• [Task instructions]
Only the lines from the one that includes "युवा संघ नेपाल" through the last line below belong in the reply, copied exactly and without pictures.

• [Data shown]
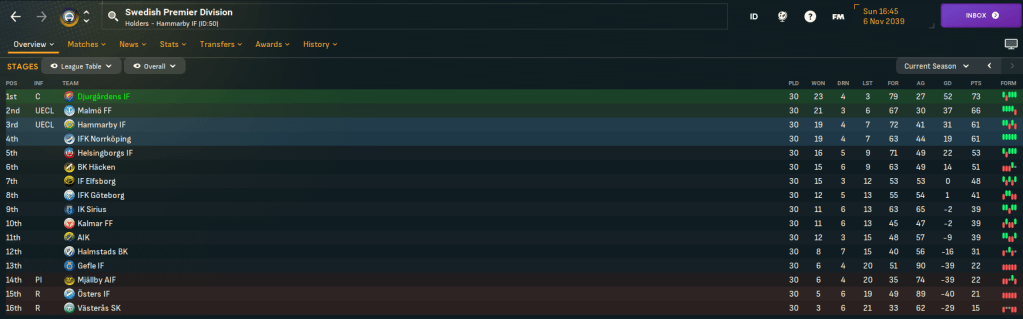 That huge victory was backed up by wins of 1-0 at Kalmar, 3-0 at home to Elfsborg, and 4-1 at champions Hammarby, which opened up a 7-point gap going into the final five games.
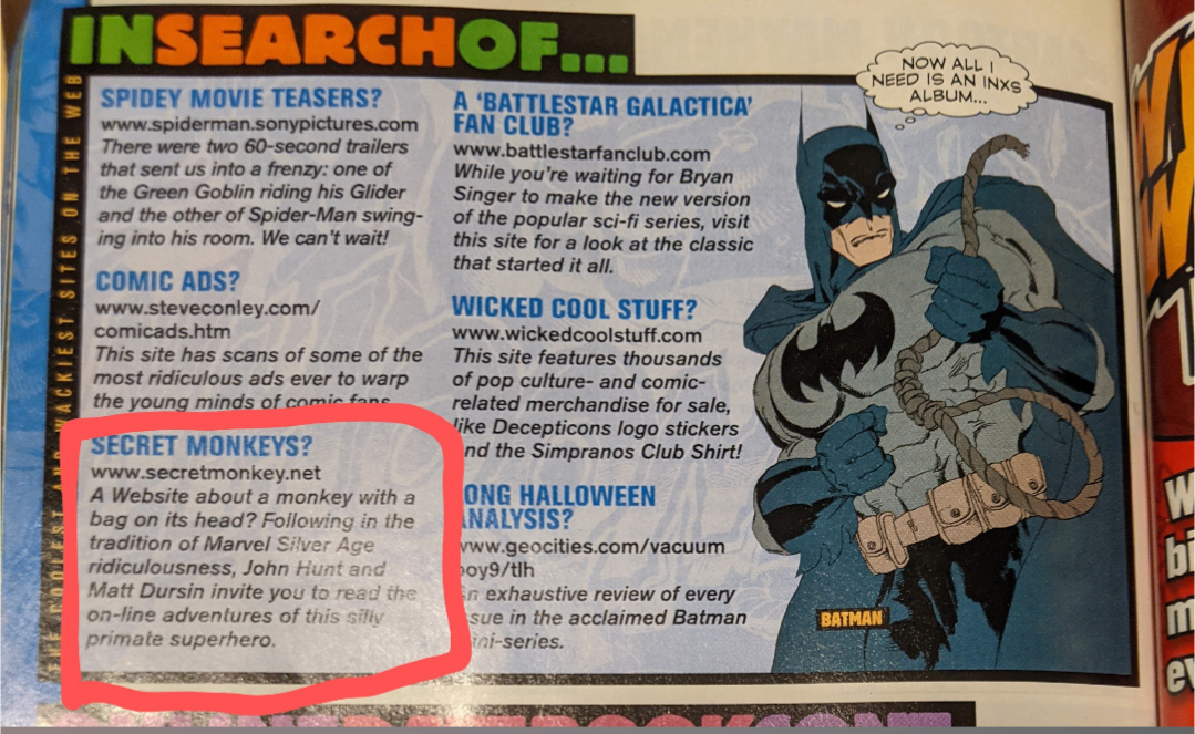 I work in the basement. Once in awhile, a man dressed in chainmail comes down to give me a slab of raw meat for supper and tells me who is winning the American League Eastern Division. It’s not an easy life, but what is? Anyway, last month, John Hunt came to me and said, “Mike, you’re one of my best writers, and I trust you implicitly.” “Thanks,” I replied, “But I’m Matt.” “Mark, I trust you, so that’s why I’m giving you a plum assignment as a writer on our brand new book. It will be the biggest book to hit the stands since The Death and very quick subsequent Rebirth of Superman. It’s called… (pause)…(more)… The Secret Monkey.”
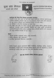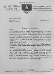 युवा संघ नेपाल वागमति प्रदेश कमिटीले आज सरकारका मुख्य सचिव शंकरदास बैरागीलाई ज्ञापन पत्र बुझाउँदै भूटानी शरणार्थीका नाममा नेपालीको मानव तस्करी गर्ने गिरोहलाई कारवाही गर्न माग गरेको छ ।
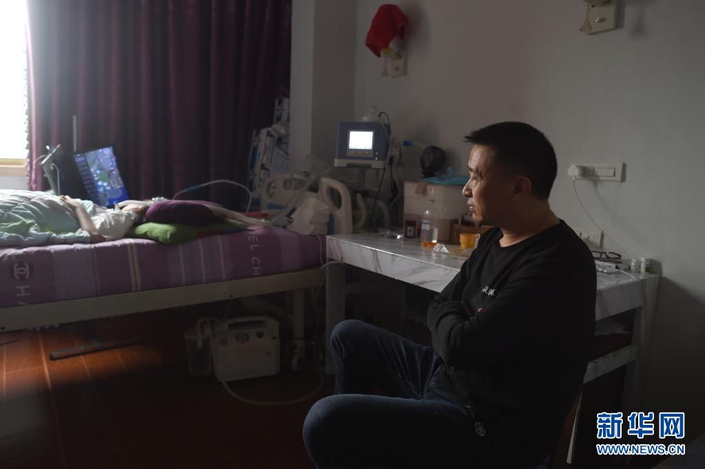 父親包宗鋒坐在床邊隨時“待命”(4月13日攝)。包宗鋒被檢查出腦血管畸形,因為要照看孩子,一直不敢去做手術(shù)。
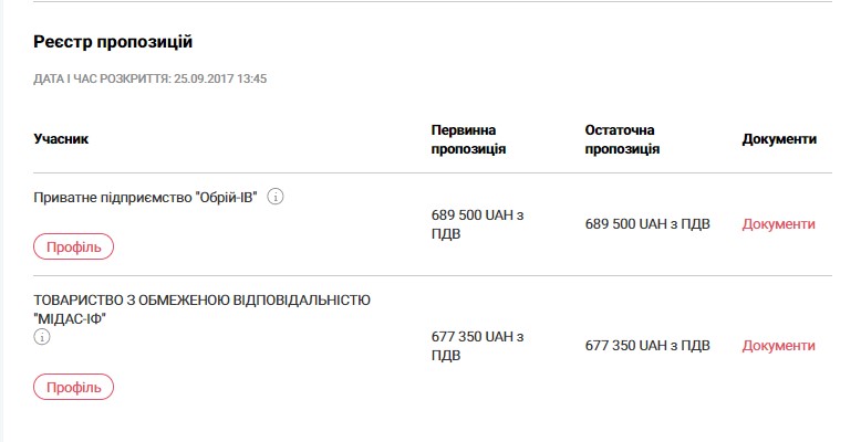 ПП «Обрій-ІВ» брало 5 разів участь у торгах, жодного разу переможцем не стало.
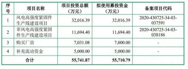 本次IPO,飛沃科技公開發(fā)行A股股票1347萬股,發(fā)行價(jià)格72.5元/股,募集資金總額約為9.77億元,擬用于風(fēng)電高強(qiáng)度緊固件生產(chǎn)線建設(shè)項(xiàng)目、非風(fēng)電高強(qiáng)度緊固件生產(chǎn)線建設(shè)項(xiàng)目、購買廠房、補(bǔ)充流動資金等。
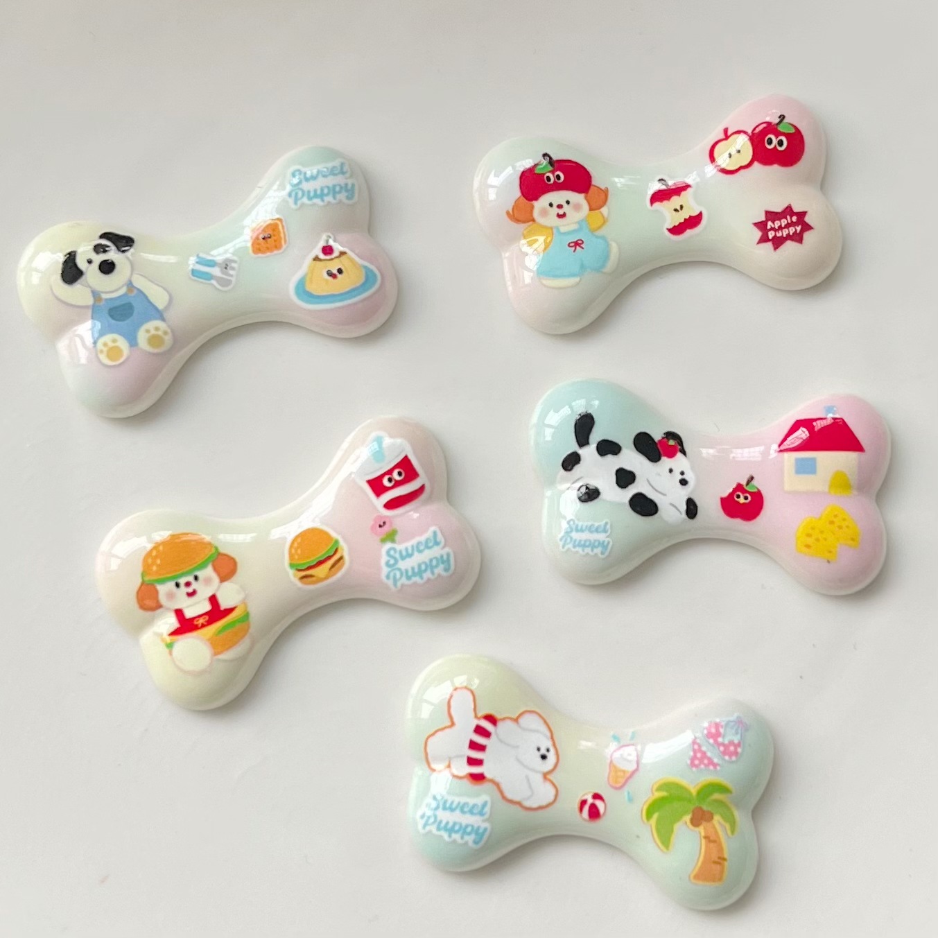 グラデーションのかわいい子犬の白い骨の部品DIYクリームの携帯電話のカバーの部品の穴の靴の材料の卸売り

• [Answer to the problem]
 युवा संघ नेपाल वागमति प्रदेश कमिटीले आज सरकारका मुख्य सचिव शंकरदास बैरागीलाई ज्ञापन पत्र बुझाउँदै भूटानी शरणार्थीका नाममा नेपालीको मानव तस्करी गर्ने गिरोहलाई कारवाही गर्न माग गरेको छ ।
 父親包宗鋒坐在床邊隨時“待命”(4月13日攝)。包宗鋒被檢查出腦血管畸形,因為要照看孩子,一直不敢去做手術(shù)。
 ПП «Обрій-ІВ» брало 5 разів участь у торгах, жодного разу переможцем не стало.
 本次IPO,飛沃科技公開發(fā)行A股股票1347萬股,發(fā)行價(jià)格72.5元/股,募集資金總額約為9.77億元,擬用于風(fēng)電高強(qiáng)度緊固件生產(chǎn)線建設(shè)項(xiàng)目、非風(fēng)電高強(qiáng)度緊固件生產(chǎn)線建設(shè)項(xiàng)目、購買廠房、補(bǔ)充流動資金等。
 グラデーションのかわいい子犬の白い骨の部品DIYクリームの携帯電話のカバーの部品の穴の靴の材料の卸売り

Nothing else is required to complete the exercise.